The screenshot to the right shows what the new icon menu looks like: this is the whole-datasheet menu. All versions until the latest one use a text menu popup, which is more similar to a conventional desktop-style application context menu (e.g. right-mouse click). The text menus worked well enough at first, but as the number of possible actions that can be carried out on a datasheet (or a row thereof) increases, the number of menu items overflows past what can comfortably fit on an iPhone’s tiny little screen.
Personally I’ve never been a fan of menus-within-menus. They are cumbersome to access, even (or especially) with a mouse. If you know the feature you want is in a submenu, it’s annoying to go through multiple steps each time. And if you don’t know about the feature and where it is, you might never guess where to look. And that’s especially bad.
The nice thing about icon menu buttons is that you can fit loads of them in a small space. The not-so-nice thing about icons is that most actions cannot be conceptually mapped to a representative glyph that is distinctive and self-evident (even the super-hyped efforts of Apple’s design team is a load of hot air: the reality distortion field makes people forget that for the first few times they saw a new kind of squiggle on the screen they had no idea what it did, until they banged on it a few times and learned by trial and error).
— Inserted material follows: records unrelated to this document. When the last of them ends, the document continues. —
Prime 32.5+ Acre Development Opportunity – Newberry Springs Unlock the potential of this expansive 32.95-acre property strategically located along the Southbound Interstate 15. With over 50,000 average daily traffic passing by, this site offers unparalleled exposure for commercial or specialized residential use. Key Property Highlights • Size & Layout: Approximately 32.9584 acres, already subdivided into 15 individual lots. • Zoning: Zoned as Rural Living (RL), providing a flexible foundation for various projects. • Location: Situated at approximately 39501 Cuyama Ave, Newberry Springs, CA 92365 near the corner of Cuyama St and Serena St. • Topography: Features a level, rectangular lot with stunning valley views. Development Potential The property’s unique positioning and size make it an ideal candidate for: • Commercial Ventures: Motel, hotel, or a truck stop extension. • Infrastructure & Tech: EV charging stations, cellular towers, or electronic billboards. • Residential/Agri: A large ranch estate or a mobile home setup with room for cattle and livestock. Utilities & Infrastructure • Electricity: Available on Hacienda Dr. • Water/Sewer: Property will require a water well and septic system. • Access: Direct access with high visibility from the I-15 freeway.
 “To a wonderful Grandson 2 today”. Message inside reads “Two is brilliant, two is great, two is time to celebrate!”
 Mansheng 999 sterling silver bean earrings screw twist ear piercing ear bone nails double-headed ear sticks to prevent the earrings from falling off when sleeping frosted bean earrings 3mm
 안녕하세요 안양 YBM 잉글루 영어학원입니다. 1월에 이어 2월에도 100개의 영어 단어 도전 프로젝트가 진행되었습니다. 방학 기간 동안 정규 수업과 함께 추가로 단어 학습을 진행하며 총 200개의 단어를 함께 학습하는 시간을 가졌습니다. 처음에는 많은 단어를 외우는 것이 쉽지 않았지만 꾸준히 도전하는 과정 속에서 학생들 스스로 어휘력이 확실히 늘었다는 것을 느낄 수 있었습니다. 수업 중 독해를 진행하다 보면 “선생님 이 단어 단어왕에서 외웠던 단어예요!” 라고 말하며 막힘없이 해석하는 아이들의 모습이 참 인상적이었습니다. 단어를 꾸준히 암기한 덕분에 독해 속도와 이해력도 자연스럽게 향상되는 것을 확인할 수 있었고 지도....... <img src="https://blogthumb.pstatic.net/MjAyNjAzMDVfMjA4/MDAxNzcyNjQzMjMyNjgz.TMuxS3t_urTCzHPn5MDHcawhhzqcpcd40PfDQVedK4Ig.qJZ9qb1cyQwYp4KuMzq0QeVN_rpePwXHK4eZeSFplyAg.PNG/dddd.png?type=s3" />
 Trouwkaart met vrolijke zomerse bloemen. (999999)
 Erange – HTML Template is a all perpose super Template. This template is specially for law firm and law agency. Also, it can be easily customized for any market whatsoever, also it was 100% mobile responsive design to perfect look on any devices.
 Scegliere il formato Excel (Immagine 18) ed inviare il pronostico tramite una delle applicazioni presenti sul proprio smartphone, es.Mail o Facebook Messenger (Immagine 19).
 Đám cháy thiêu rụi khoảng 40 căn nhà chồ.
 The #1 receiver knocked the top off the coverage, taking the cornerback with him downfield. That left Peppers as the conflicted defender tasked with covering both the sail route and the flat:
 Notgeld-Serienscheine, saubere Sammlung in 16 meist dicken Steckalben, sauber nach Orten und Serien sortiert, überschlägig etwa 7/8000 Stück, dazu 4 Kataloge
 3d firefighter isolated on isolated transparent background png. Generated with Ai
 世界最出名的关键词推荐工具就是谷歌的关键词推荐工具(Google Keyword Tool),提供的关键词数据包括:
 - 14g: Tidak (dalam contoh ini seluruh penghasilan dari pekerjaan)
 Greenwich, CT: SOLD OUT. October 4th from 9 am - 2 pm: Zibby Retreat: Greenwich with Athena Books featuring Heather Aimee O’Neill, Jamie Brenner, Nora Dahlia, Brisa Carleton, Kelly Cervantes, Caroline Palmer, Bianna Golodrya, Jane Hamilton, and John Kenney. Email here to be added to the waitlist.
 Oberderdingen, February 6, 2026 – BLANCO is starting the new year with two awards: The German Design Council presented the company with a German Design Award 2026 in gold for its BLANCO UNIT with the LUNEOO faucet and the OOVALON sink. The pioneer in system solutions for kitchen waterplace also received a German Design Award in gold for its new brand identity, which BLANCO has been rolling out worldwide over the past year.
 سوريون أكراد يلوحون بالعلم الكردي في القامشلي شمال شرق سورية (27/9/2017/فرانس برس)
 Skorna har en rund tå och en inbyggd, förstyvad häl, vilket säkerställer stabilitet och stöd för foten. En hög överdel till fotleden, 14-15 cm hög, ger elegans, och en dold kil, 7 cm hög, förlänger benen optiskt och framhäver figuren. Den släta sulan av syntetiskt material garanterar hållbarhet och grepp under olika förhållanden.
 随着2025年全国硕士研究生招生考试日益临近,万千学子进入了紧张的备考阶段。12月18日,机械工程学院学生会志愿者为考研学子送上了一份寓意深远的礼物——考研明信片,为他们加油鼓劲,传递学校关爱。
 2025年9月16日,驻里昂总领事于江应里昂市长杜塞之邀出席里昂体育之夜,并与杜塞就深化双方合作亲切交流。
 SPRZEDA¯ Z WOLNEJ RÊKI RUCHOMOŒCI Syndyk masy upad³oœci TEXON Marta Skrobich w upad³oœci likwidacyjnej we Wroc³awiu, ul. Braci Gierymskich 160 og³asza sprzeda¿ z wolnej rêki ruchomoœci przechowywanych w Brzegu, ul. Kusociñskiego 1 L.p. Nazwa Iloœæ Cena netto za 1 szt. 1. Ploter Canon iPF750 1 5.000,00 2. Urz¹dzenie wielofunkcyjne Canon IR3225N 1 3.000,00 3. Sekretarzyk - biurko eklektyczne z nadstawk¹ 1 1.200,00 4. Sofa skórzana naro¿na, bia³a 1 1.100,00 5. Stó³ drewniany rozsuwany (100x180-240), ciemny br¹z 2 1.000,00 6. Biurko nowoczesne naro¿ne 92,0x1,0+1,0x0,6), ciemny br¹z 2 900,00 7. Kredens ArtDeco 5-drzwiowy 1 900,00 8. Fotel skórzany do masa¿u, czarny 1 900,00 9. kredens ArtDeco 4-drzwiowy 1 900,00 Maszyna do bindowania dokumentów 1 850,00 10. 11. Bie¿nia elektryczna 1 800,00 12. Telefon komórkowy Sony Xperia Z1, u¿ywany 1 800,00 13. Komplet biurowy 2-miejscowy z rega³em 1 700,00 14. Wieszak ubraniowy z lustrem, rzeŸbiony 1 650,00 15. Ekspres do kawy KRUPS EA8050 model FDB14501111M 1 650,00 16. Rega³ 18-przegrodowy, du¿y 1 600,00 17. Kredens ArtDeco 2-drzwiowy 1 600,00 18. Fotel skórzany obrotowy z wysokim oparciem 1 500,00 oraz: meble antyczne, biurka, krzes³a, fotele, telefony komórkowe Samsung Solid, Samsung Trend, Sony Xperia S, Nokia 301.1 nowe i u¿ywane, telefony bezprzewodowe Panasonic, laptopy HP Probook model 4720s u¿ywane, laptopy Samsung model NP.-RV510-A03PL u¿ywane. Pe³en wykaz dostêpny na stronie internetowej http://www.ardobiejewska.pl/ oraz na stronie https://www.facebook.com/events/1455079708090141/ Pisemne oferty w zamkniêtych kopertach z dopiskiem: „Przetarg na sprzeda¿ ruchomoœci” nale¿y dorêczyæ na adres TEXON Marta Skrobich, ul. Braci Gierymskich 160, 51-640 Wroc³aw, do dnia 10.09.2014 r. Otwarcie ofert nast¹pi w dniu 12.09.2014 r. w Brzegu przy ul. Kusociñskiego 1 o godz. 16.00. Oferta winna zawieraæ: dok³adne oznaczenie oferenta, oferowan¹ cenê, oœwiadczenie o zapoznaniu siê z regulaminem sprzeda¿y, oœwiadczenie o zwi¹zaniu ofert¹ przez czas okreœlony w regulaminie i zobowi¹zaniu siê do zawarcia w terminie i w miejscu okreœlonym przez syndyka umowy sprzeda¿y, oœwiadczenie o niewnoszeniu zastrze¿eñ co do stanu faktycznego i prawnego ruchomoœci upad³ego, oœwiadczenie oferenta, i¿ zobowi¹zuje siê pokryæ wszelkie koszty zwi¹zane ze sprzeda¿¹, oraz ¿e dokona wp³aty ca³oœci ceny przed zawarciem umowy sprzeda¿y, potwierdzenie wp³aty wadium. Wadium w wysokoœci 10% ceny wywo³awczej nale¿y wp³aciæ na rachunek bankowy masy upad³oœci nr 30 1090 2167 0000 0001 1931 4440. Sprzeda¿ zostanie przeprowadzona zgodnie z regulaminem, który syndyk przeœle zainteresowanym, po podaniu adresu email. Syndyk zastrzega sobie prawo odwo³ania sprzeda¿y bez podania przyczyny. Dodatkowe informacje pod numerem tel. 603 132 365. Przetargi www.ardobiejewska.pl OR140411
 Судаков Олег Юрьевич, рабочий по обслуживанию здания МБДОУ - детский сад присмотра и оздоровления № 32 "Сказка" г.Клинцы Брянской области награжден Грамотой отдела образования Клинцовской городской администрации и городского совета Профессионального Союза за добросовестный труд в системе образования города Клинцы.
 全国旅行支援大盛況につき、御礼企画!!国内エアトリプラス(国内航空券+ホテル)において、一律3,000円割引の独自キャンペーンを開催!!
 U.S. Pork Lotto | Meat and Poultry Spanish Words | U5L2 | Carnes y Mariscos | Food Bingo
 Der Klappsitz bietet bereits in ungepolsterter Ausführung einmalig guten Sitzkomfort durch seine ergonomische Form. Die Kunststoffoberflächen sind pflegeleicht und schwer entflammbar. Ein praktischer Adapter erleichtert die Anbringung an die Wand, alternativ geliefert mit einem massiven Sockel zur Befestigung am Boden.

So, as with the icon-based interfaces for the molecule editor, reaction editor, datasheet editor, and front pages for apps such as SAR Table, MolPrime and MolSync, the MMDS app now uses button banks. The intuitivity (if that’s a word) splits the difference between the compact single level with the inline help that pops up on the screen as you move your finger over the icon. If you look at the screenshot above, one of the icons is highlighted in green, because the finger is being held over it; the help text overlay above that explains what the action is going to do, in more detail than is possible in a single text menu.
Other than icons, the next major change is the way MMDS imports content. For iOS apps, the most generic and well-defined way to get data content into an app is to have it register itself as being able to understand certain file types (by file extension or MIME type). Selecting MMDS as the destination for opened content causes the app to be launched. Until the latest version, one of three things might happen: (1) if the incoming content is resolved to a molecule, it got added to the scratch sheet; (2) if it is a tabular data structure, it is imported as a brand new datasheet; (3) if it has special MolSync headers, it might be used to update an existing datasheet.
This was clearly too inflexible, since there are many different valid actions to be taken with incoming content. The user should be able to choose whether to use it to create a new datasheet, or integrate it into an existing one. This is now the case, because any kind of import event triggers the assimilation dialog box.
The dialog shows a preview of the included data, as well as a list of possible destinations, one of which is the option to create a new datasheet. The content can be appended (or prepended); it can be used to replace an existing datasheet (after making a backup of the original); or if the schema is the same, it can be merged, which means that only rows that have no identical match are added on.
As another note, the longstanding integration between MMDS and the MolSync app may be phased out in terms of a less fragile, more adhoc method. The current system is based on interprocess communication between the two apps, so that the latter can expose access to various remote storage repositories (currently Dropbox and iCloud). The synchronisation is done by adding a metadata entry to the datasheet to remember where it’s supposed to be stored, on the various storage devices. In principle the plan is sound, but in practice it is a bit rickety – and it may not be viable to improve that, because the iOS platform currently still has limited interprocess communication techniques. However, with a better general purpose importing process, simple matching (defaulting to same title/same datasheet), easy previewing, and easy overwriting, should make this largely superfluous.
It may take a few more iterations to refine the new system into something that works for most scenarios, but the important thing is that getting data in and out of MMDS has bubbled up to the top of the priority queue, and is being actively worked on.